Assignment
Exactly as they appear below, repeat the lines from the one with "Σετ 2 Μικρόφωνα" through the one with "ヘコむあだ名 | 『マグっぺ』『マグメル(小並感)』 |". Drop every picture.

Saved entries
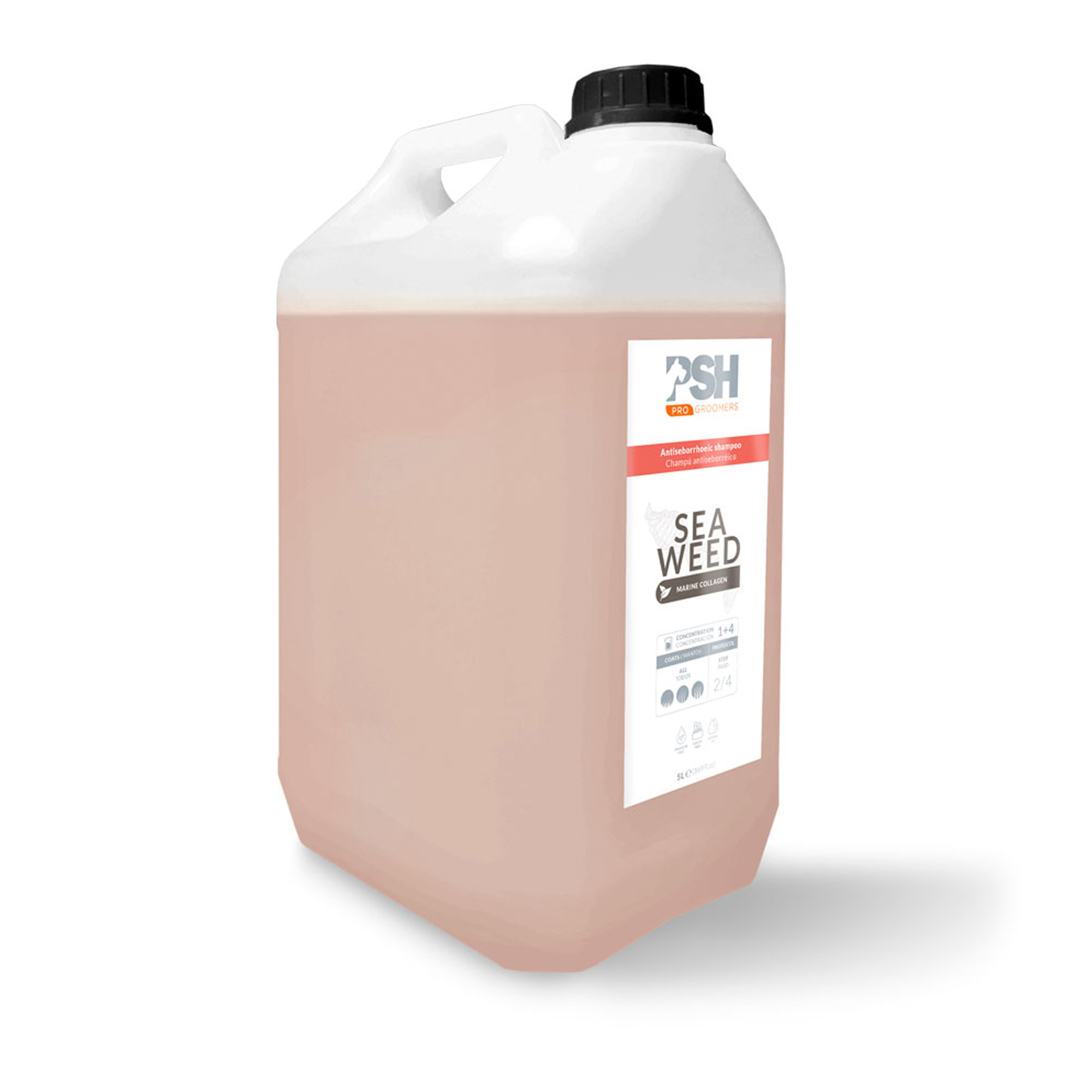 Formato de presentación: frasco de 1L. El nuevo Champú Antiseborréico a las algas marinas de PSH consigue que el pelo con exceso de grasa de su mascota recupere su textura, suavidad y brillo natural, realzando e intensificando su color natural y facilitando su peinado. Está especialmente indicado para razas de pelo denso con subpelo y que presenten exceso de grasa o seborrea, como por ejemplo el Chow-Chow. Su Ph ajustado, su muy alta concentración y la calidad de sus componentes, tensioactivos, acondicionadores, principios activos de origen marino y vegetal, y espesantes, todos de origen natural, hacen de este champú la herramienta perfecta para la salud del pelo de su mascota. Elimina el exceso de grasa en el manto y regula la secreción de las glándulas sebáceas, favoreciendo el riego sanguíneo en el bulbo piloso. Su suave perfume hipoalergénico frutal elimina los malos olores, dándole un agradable aroma al manto de su mascota.
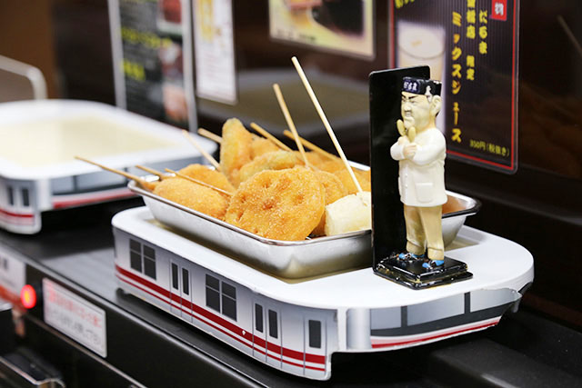 元祖串かつ/天然えび/アスパラ/うずら卵/もち/豚かつ/鶏つくね/赤ウィンナー/チーズちくわ/さつまいも/鶏からあげ/チーズ/れんこん/たこ/季節もの/名物どて焼き(キムチorえだまめに変更で-110円)
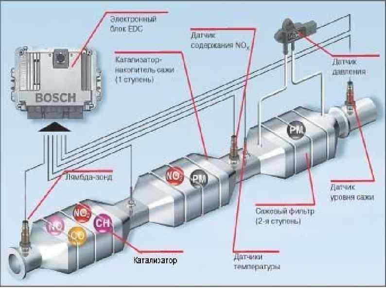 На дизельных двигателях применяется сажевый фильтр, который обеспечивает снижение выброса сажи в атмосферу с отработавшими газами. В выпускной системе сажевый фильтр может быть объединен с каталитическим нейтрализатором
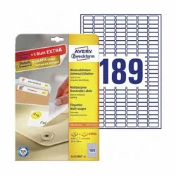 Etykiety Samop. Avery 25,4x10 189/A4 A'25 Usuwalne Białe No.L4731REV-25
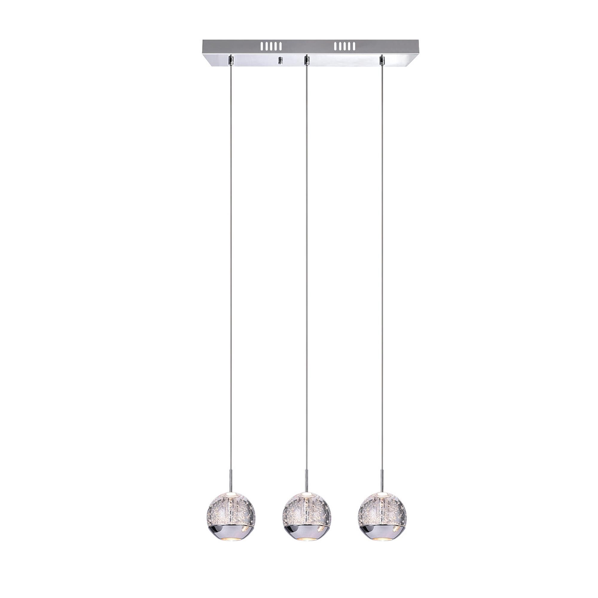 Easily revamp a ho-hum area by adding the Perrier 3 Light Globe Chandelier. This multi Light pendant features three shiny spheres dangling from a chrome-finished rectangular canopy. The cords are adjustable so you can hang the pendants in your preferred height. Designed with a clean and shiny look, this light fixture can give any space a luxe transformation.Lighting is jewelry for the home, and there is the perfect piece for every room. This fixture is done in a beautiful chrome finish which could be the missing piece to lighten up and fall in love with your space all over again.<br/><br/>Features :<br/><br/>- Feel confident with your purchase and rest assured. This fixture comes with a one year warranty against manufacturers defects to give you piece of mind that your product will be in perfect condition.<br/>- Dimensions: H 5" x W 5" x L 16"<br/>- Chrome Finish - LED DC G4 12V Bulb Not Included - Indoor (Dry Location)<br/>- cETLus Approved<br/>- Includes Assembly Instructions and Hardware<br/>- Compatible With Standard Low Voltage Dimmer.<br/><br/>Specifications :<br/><br/>- Number of Lights : 3<br/>- Voltage : 120v<br/>- Bulb Type : G4<br/>- Warranty Description : One year warranty against manufacturers defect<br/>- Installation Type : Hardwired<br/>- Material : Metal.
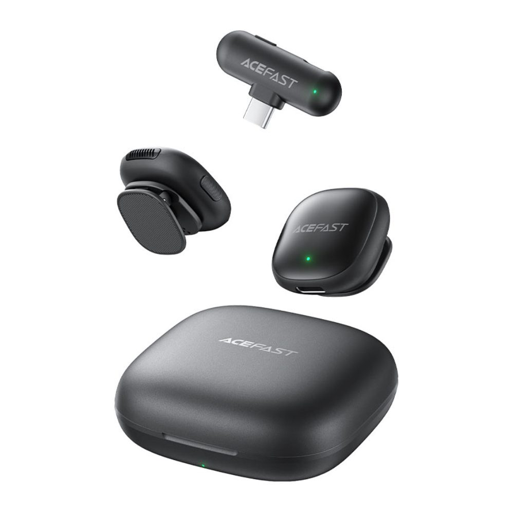 Σετ 2 Μικρόφωνα Πέτου Lavalier Acefast R1 HD AI Μείωση Θορύβου, Ακτίνα 50m και 48hr Διάρκεια Μπαταρίας με USB-C Transmitter και Θήκη Φόρτισης Μαύρο
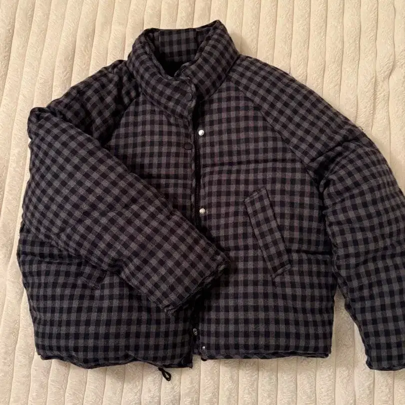 네이비와 그레이 체크 무늬의 다운 자켓입니다. 사이즈가 맞지 않아 판매합니다.
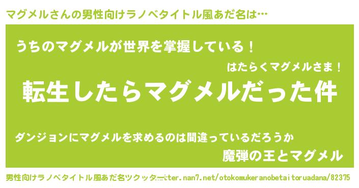 | ヘコむあだ名 | 『マグっぺ』『マグメル(小並感)』 |
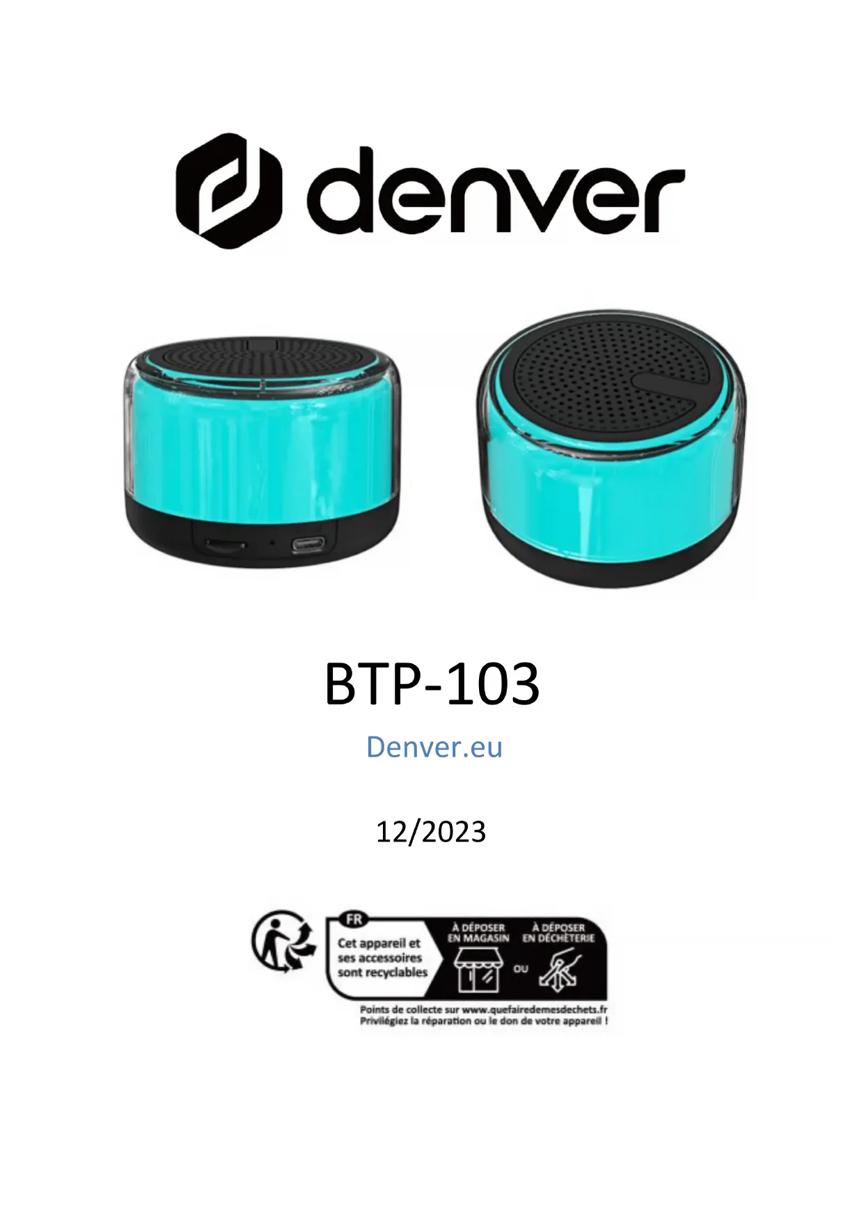BTP-103 Denver.eu 12/20232 Consignes de sécurité Lisez attentivement les consignes de sécurité avant d’utiliser le produit pour la première fois et conservez-les pour référence ultérieure. 1.Ce produit n’est pas un jouet. Maintenez-le hors de portée des enfants. 2.Avertissement : Ce produit contient des batteries au lithium-polymère 3.Gardez le produit hors de la portée des enfants et des animaux de compagnie pour éviter qu’ils les mordent et les avalent. 4.La température de fonctionnement et de rangement du produit est comprise entre 0 et 40 degrés Celsius. Une température inférieure ou supérieure peut affecter le fonctionnement. 5.N’ouvrez jamais le produit. Toucher les pièces électriques à l’intérieur peut provoquer une décharge électrique. Les réparations ou l’entretien doivent toujours être effectués par du personnel qualifié. 6.N’exposez pas l’appareil à la chaleur, l’eau, l’humidité et la lumière directe du soleil ! 7.Préservez vos oreilles d’un volume sonore élevé. Un volume sonore élevé peut endommager les oreilles et causer une perte d’acuité auditive. 8.La technologie sans fil Bluetooth peut fonctionner à une portée de 10 mètres (30 pieds). La distance de communication maximale peut varier selon la présence d’obstacles (personnes, objets métalliques,3 murs, etc.) ou de l’environnement électromagnétique. 9.Les micro-ondes émises par un appareil Bluetooth peuvent affecter le fonctionnement des appareils médicaux électroniques. 10.L’unité n’est pas étanche. Si de l’eau ou des objets pénètrent dans l’unité, cela peut causer un incendie ou une électrocution. Si de l’eau ou un objet pénètre dans l’unité, cessez immédiatement l’utilisation. 11.Ne chargez l’appareil qu’avec le câble USB inclus. 12.N’utilisez pas d’accessoires non officiels avec le produit, car cela peut causer un mauvais fonctionnement. Contenu 1 Enceinte 1 Câble de charge Type-C 1 Mode d’emploi 1 Longe Données techniques Version Bluetooth : V5.3 Entrée nominale : 5V-500mA Haut-parleur : 1 x 3W Batterie : 300mAh Plage de fréquences : 100 Hz – 18 KHz Portée du Bluetooth : Jusqu’à 10 mètres4 Vue d’ensemble du produit 1.Marche/Arrêt ; Allumer/éteindre l'éclairage 2.Mode Bluetooth, TF/TWS (Appui long pour la connexion TWS) 3.Bouton VOL-/Morceau précédent 4.Bouton VOL+/Morceau suivant 5.Lecture et Pause/Mains libres5 Marche/Arrêt Pour allumer et éteindre l'appareil, appuyez longuement sur le bouton Marche/Arrêt. Chargement de la batterie Pour le chargement, veuillez utiliser le câble de Type-C fourni. Branchez l’extrémité ayant une prise USB Type-C sur le port USB de l’appareil et l’autre extrémité dans le port USB sur le PC, le chargeur mural ou autres chargeurs de 5 V. Lecture de fichiers mp3 à partir de la carte Micro SD 1.Insérez la carte micro SD dans l’emplacement pour carte TF. 2.Vous pouvez lire, mettre en pause ou passer une piste sélectionnée à l'aide des commandes de l'enceinte. Utilisation du Bluetooth Si vous avez déjà utilisé la connexion Bluetooth, le système recherchera le dernier appareil connecté. Une fois l’appareil trouvé, le système se reconnectera automatiquement. Appairage initial d'un appareil Bluetooth 1.Allumez l'appareil. Vous entendrez une tonalité d’avertissement. 2.Allumez votre appareil externe. Reportez-vous à son mode d’emploi pour obtenir des instructions sur l’appairage et la connexion d'appareils Bluetooth.6 3.À l'aide des commandes de votre appareil Bluetooth d’origine, sélectionnez l’appareil « Denver BTP-103 » dans vos paramètres Bluetooth pour l’appairage. 4.Une appairé et connecté, l’unité émettra une tonalité d’avertissement. Après l’appairage initial, l’unité restera appairée jusqu’à ce que son appairage soit annulé manuellement par l’utilisateur. FAQ 1.N’utilisez aucun nettoyant abrasif pour nettoyer ce produit. 2.Gardez ce produit à l’écart du feu ou autres sources de chaleur, telles que les cuisinières. 3.Assurez-vous de ne pas exposer ce produit à la lumière directe du soleil pendant une période prolongée. 4.Ne jetez pas ce produit dans le feu, cela pourrait provoquer une explosion. 5.N'essayez jamais de démonter ou de modifier ce produit. Il ne contient aucun composant qui nécessite un entretien. 6.N’utilisez pas ce produit sous la pluie. 7.Si vous ne prévoyez pas d’utiliser ce produit pendant une période prolongée, stockez-le dans un environnement sec et chargez l'enceinte au moins une fois par mois pour prolonger sa durée de vie. Évitez les températures extrêmes et la poussière.7 Remarque - Tous les produits sont susceptibles d’être modifiés sans préavis. Ce document est établi sous toute réserve d’erreur et d’omission. TOUS DROITS RÉSERVÉS, COPYRIGHT DENVER A/S Les équipements électriques et électroniques et les piles ou batteries qu’ils renferment contiennent des matériaux, composants et substances qui peuvent nuire à votre santé et à l’environnement si ces déchets (appareils électriques et électroniques ainsi que piles et batteries) ne sont pas traités de façon appropriée. Les équipements électriques et électroniques, ainsi que les piles et batteries, sont marqués du symbole d’une poubelle barrée, comme illustré ci-dessus. Ce symbole indique que les appareils électriques et électroniques et les piles et batteries doivent être triés et jetés séparément des ordures ménagères. En tant qu’utilisateur final, il est important que vous jetiez les piles et batteries usagées dans des centres8 de collecte appropriés. En mettant au rebut les piles et batteries afin qu’elles soient recyclées conformément à la réglementation, vous contribuez à préserver l’environnement. Toutes les municipalités disposent de points de collecte dans lesquels les appareils électriques et électroniques ainsi que les piles

Solution to this exercise
 Σετ 2 Μικρόφωνα Πέτου Lavalier Acefast R1 HD AI Μείωση Θορύβου, Ακτίνα 50m και 48hr Διάρκεια Μπαταρίας με USB-C Transmitter και Θήκη Φόρτισης Μαύρο
 네이비와 그레이 체크 무늬의 다운 자켓입니다. 사이즈가 맞지 않아 판매합니다.
 | ヘコむあだ名 | 『マグっぺ』『マグメル(小並感)』 |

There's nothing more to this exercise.